2/ The Committee has used the guidelines in an implicit and an explicit form. Implicitly, you will see that the findings of the committee are very closely aligned with the guidelines in aspects such as the decriminalisation of drug use, the understading that harm reduction is part of the right to health, and at least in regards to South Africa and Colombia the Committee has found that herbicides cannot be used to spray illicit crops unless you follow the principle of precaution, and without providing alternative income to producers. We have also mentioned them explicitly in the concluding observations on Benin.

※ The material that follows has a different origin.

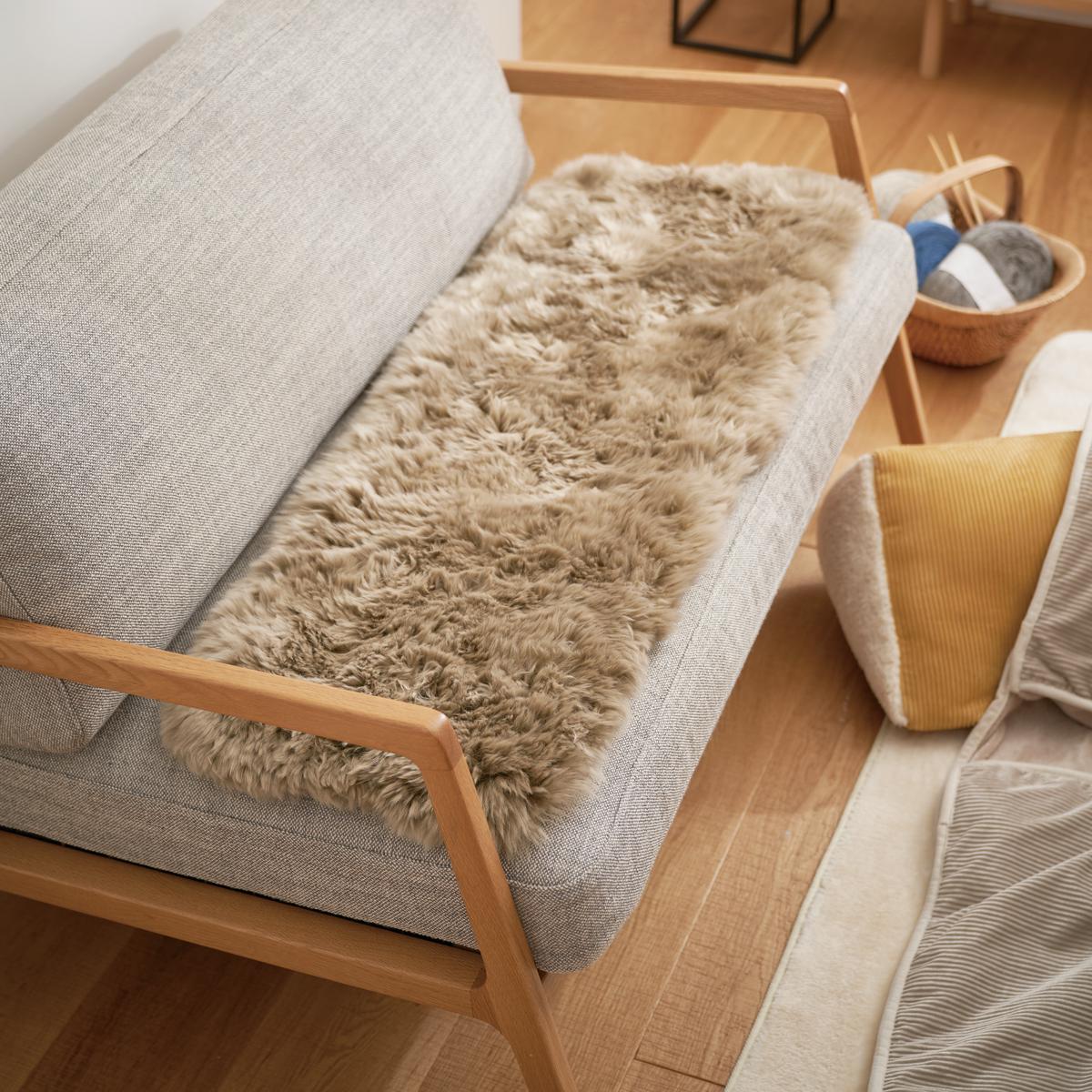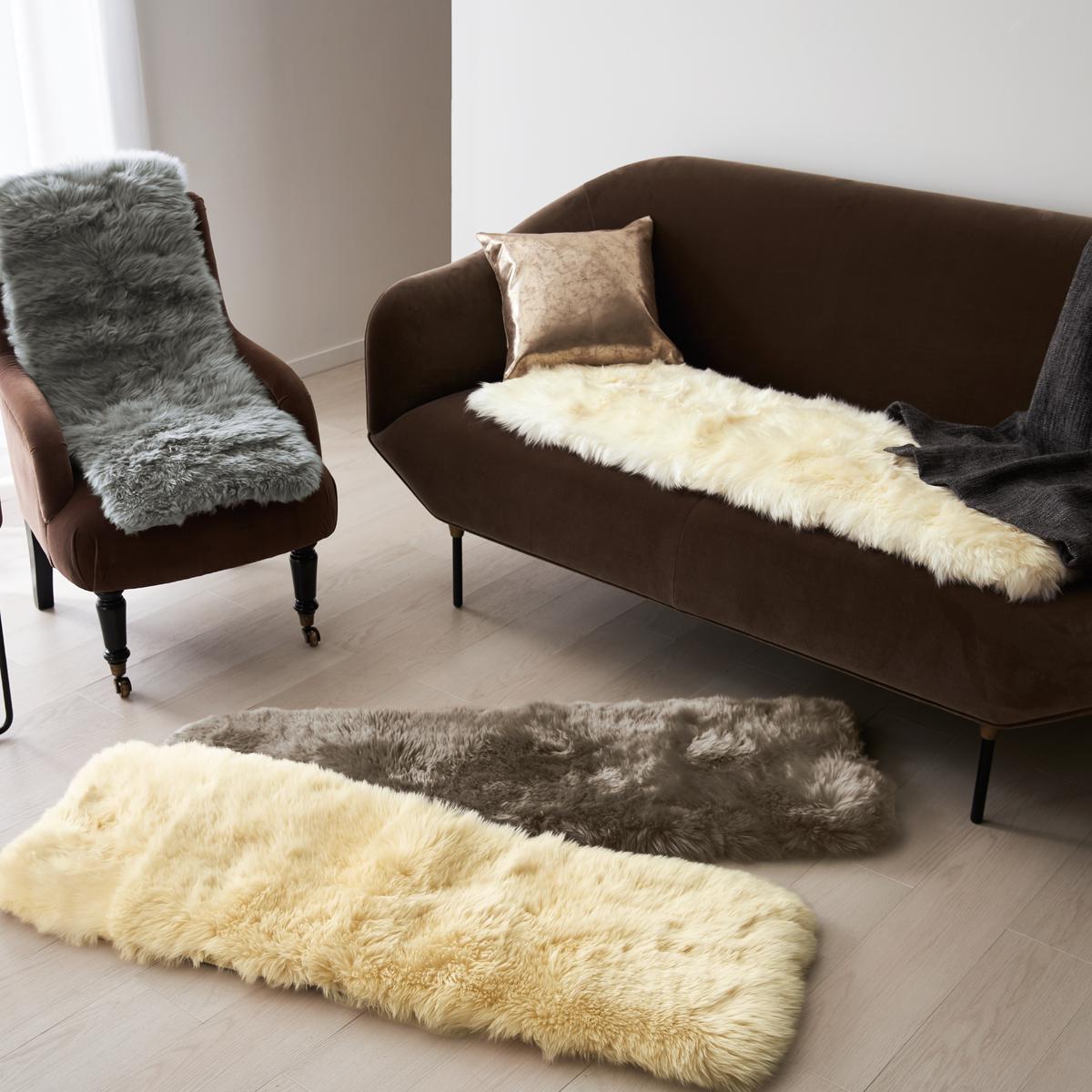 天然素材であるムートンは、あたたかいうえに水や汚れに強く、クッション性にも優れています。一度使うと、手放せないほどの心地よさです。湿気を吸って放出するからムレにくく、いつもさらっと快適な肌ざわり。最長約4cmと毛足が長く、ふかふかと埋もれるような手ざわり。イスの背もたれから縦に掛ければ、背中や腰まであたたかく、リッチな気分に。裏面はやわらかな素材で、床やイスを傷付けにくくなっています。

3/ The use of the Guidelines by the Colombian judiciary. The Guidelines have been cited explicitly in 3 important rulings. Two rulings by the Constitutional Court – in 2018 they were cited as providing an auhtoritative summary of international standards on drug policy, in a ruling that resulted in declaring inconstitutional the criminalisation of any drug use in any space. In another ruling, the Constitutional Court stated that any spraying should incorporating the principles established in the Guidelines, particularly the principle of precaution.

4/ How can the Guidelines be used. In many ways – as a supportive document, i.e. not as a legal document that provides the key ratio decidendi, but as an add-on to the reading of the law; and in itself as an authortative documen.  As years go by the value of the Guidelines as a normative document will increase’.

Teresa Caeiro (Portugal).  ‘For many years, it has been agreed at European and UN level that the response to drug trade must be implemented in compliance with human rights. However, the focus has been mostly directed to state obligations, with some limitations on practical use. There has been an increasing discussion on creating human rights indicators for drug policies, and the Guidelines are major step in that direction.

The Pompidou Group, which is part of the Council of Europe, is in a unique position to make a contribution to this issue. We created an expert group that should develop a self-assessment tool to let each country understand the human rights situation related to drugs. We have started working since June 2020. The tool is not intended to compare countries or to identify violations, but to provide an assessment of law, practices, etc., to make concrete human rights progress. The Pompidou Group will publish the tool, but will not compile information on how it is implemented.

We are conscious of the existing reporting obligations and the high workloads for public officials. So we did not create more obligations or standardised indicators. The application of the tool will make it easier to understand how drug policies impact human rights, and will provide guidelines on the implications of human rights in the development of drug policies. With this tool, we want to complement the Guidelines .

Karen Dumpit. (Human Rights Commission PH). ‘Looking forward to work with the UN in the context of the UN joint programme on capacity-building on human rights to the Philippines. We have plans to bring home the International Guidelines.’

Boyan Konstantinov (UNDP). ‘The International Guidelines are important to UNDP because we are one of the co-sponsors of UNAIDS, as well as for UNDP’s broader development mandate. Drug policies have huge implications on development’.

Benny Muller (Switzerland). ‘For me the two main issues for traditional drug policies and practices are (1) the destructive impact of punitive lwas, and (2) the failure of these policies at their own goals. This is why we are co-sponsoring the Guidelines, and are encouraged that they are being successful.

Emily Christie (UNAIDS). ‘UNAIDS just released a new strategy that highlights the role of human rights HIV/AIDS prevention, treatment, and care. We will continue to support the development of the Guidelines in the coming years’.

Alberta Borg (Malta). ‘The Guidelines are particualrly important for people belonging to marginalised groups. They are not a theoretical document, but provide practical guidance. They have been successfully implemented by courts, practitioners, and adovcates, from development to criminal justice and health. These are tools to place people at the centre of drug policies. So let’s keep promoting the use of these Guidelines across the world’.